Missing data collection

// Customer didn't include their billing email when signing up;
// the agent collects it before generating the first invoice.
const answer = await track.askText({
  prompt: "What email should we send invoices to?",
  validate: "email",
});

if (answer.status === "answered") {
  await saveBillingEmail(answer.value);
}

Caveats + gotchas

  • customerEmail is required for asks. Tracks without it cannot call any ask method — the SDK returns requires_customer_email. Set it at createTrack() time.
  • One open ask per track at a time. Trying to open a second ask while one is still pending returns already_awaiting. Cancel the first with track.cancelInputRequest() if you need to switch contexts.
  • Timeouts don’t auto-reap yet. Today, when the deadline passes, your SDK call returns with status: "timeout" and you handle it in your agent code. The DB-side sweeper that flips state automatically (and fires the input_request.timeoutwebhook) ships in v1.2. If your agent isn’t running when the timeout would fire, the row stays in open until you re-run it.
  • The customer never signs up for Porch. The magic-link cookie binds them to one track for 7 days. No account, no profile, no dashboard. We are not creating a second product for your customer to learn.
  • Plan caps apply. Free: 25 asks/mo. Pro ($99): 1,000 asks/mo with a 24h / 100-ask grace window. Past grace, ask creation returns monthly_ask_limit_reached. Email us for Enterprise above that.

Webhook events

Every ask lifecycle event fires an outbound webhook (when you have an endpoint registered).

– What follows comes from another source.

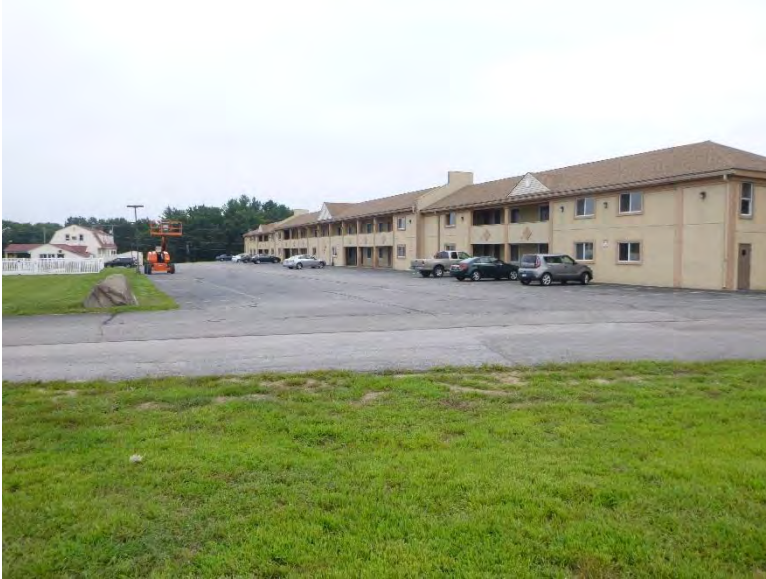
Existing Days Inn Hotel and paved parking area, looking east towards South Main Street.

See the Webhooks reference for signing, retry, and payload shape details.

  • input_request.created— agent paused; ask is open. Use to alert the customer (Slack DM, SMS, email) outside the in-app status page.
  • input_request.answered— customer responded. Payload carries answerValue and duration_ms. Use to clear “waiting on customer” alerts or log to your audit trail.
  • input_request.cancelled— agent called cancelInputRequest(). Mirror to your queue so stale “we need your input” notifications stop firing.

See it in action

The landing pageruns scripted demos of asks across four real-world workflows: vendor invoice approval (finance), contract redline review (legal), candidate interview confirmation (recruiting), and cold outreach batch approval (sales). Each demo is the actual status page + ask card with deterministic timing — click any tab to watch the loop end-to-end.